What you are asked to do =
Gather every line from the entries below that includes "your".

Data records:
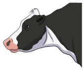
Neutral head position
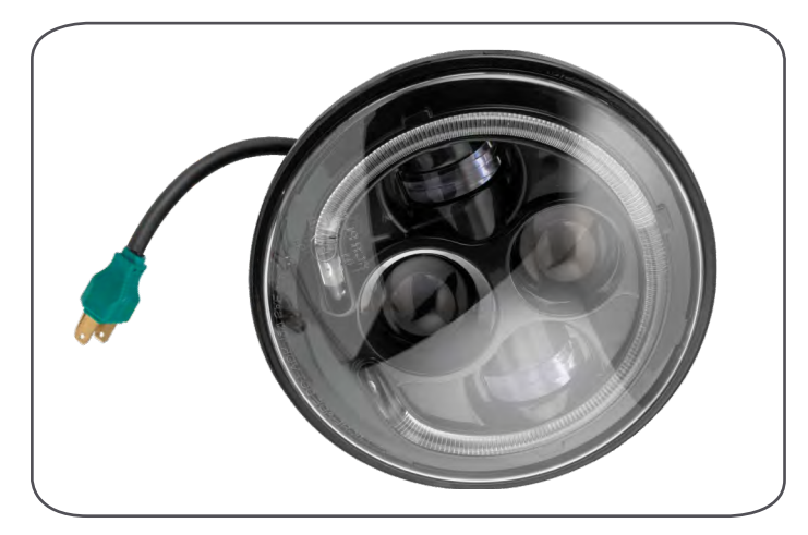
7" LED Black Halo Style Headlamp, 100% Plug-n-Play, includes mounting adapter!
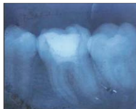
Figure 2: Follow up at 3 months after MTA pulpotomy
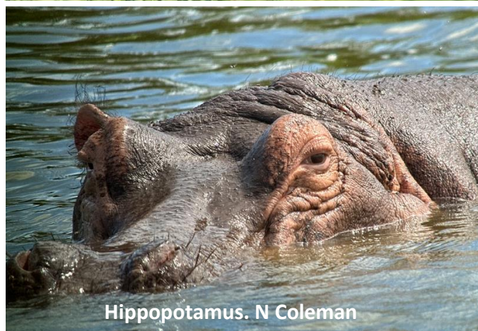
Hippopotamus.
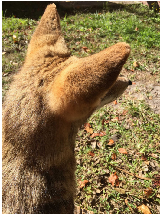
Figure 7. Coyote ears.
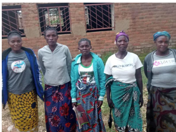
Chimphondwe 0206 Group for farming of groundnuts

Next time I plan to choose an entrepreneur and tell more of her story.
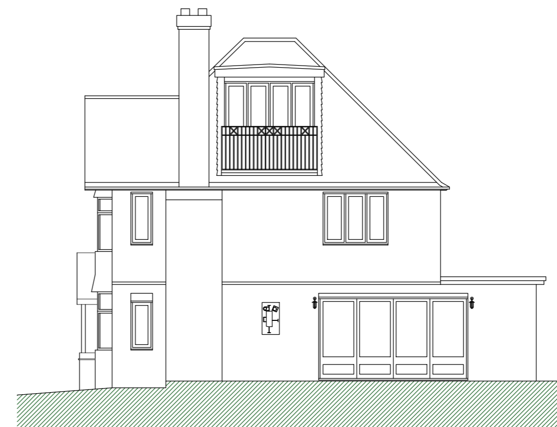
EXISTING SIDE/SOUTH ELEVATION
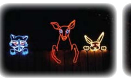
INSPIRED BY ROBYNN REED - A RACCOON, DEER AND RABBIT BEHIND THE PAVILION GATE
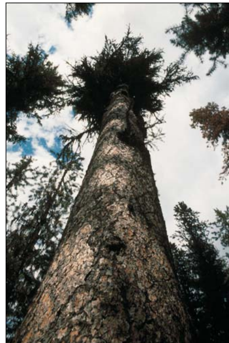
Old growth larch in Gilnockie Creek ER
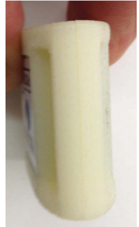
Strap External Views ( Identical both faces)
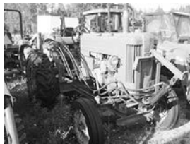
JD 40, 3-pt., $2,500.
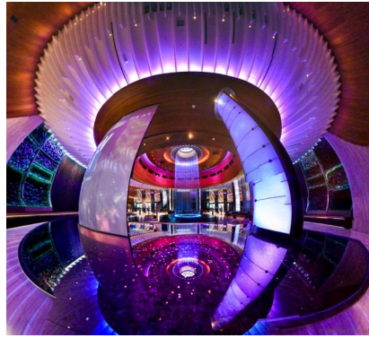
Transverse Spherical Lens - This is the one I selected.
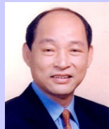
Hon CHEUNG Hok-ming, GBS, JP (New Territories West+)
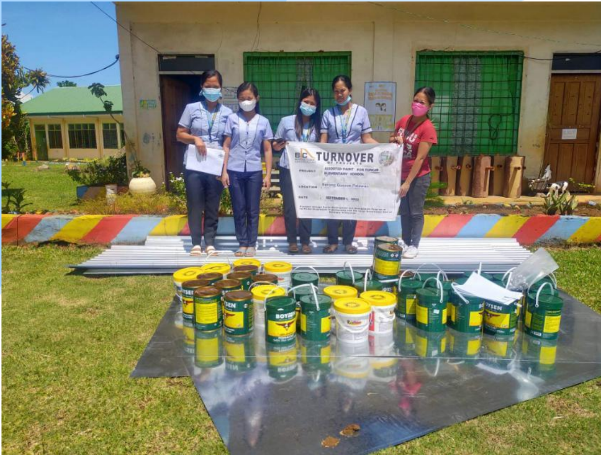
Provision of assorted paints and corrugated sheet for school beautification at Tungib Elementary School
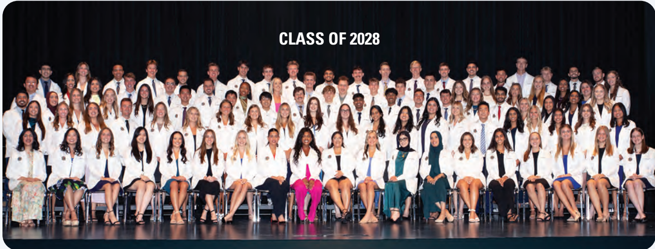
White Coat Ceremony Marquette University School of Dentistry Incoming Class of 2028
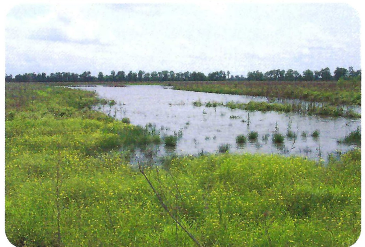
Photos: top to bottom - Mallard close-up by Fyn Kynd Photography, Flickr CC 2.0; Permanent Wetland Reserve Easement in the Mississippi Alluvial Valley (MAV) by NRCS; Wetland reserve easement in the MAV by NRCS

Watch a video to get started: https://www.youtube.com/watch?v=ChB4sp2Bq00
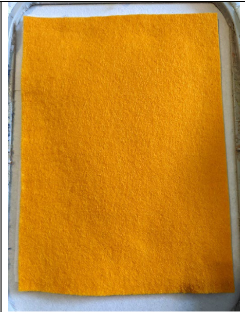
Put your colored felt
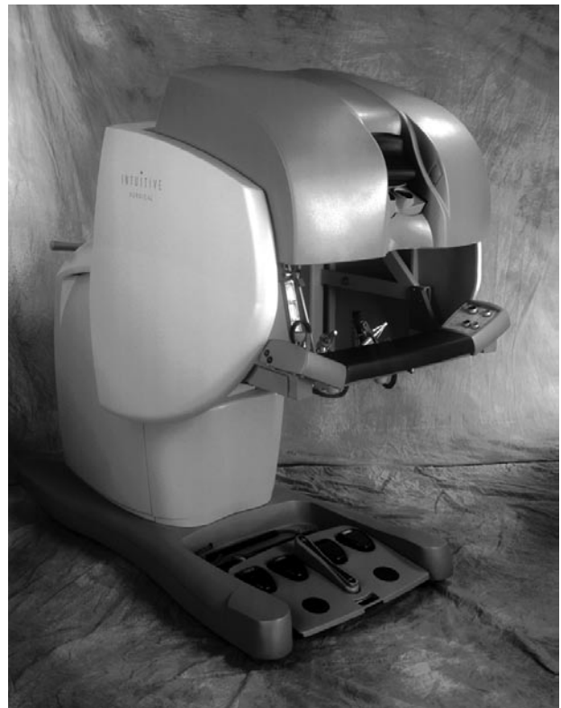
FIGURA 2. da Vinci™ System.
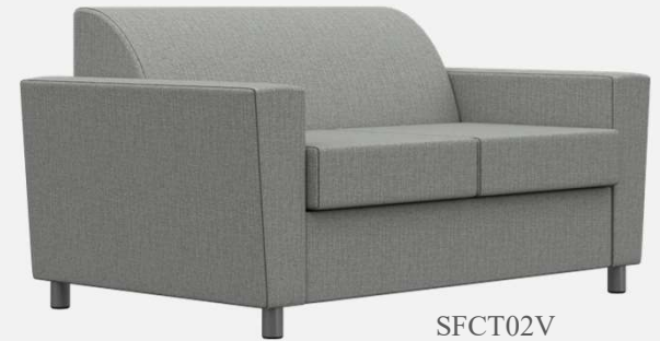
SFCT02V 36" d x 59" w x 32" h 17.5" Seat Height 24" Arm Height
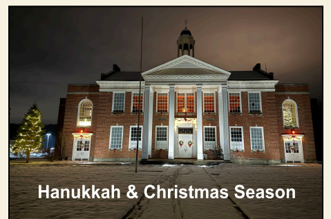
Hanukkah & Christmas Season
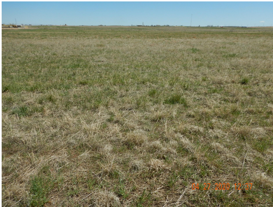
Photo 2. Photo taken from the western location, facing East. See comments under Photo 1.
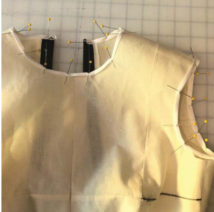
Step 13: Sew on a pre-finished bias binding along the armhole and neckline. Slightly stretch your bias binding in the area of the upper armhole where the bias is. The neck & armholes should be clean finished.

Task output =
Put your colored felt
Step 13: Sew on a pre-finished bias binding along the armhole and neckline. Slightly stretch your bias binding in the area of the upper armhole where the bias is. The neck & armholes should be clean finished.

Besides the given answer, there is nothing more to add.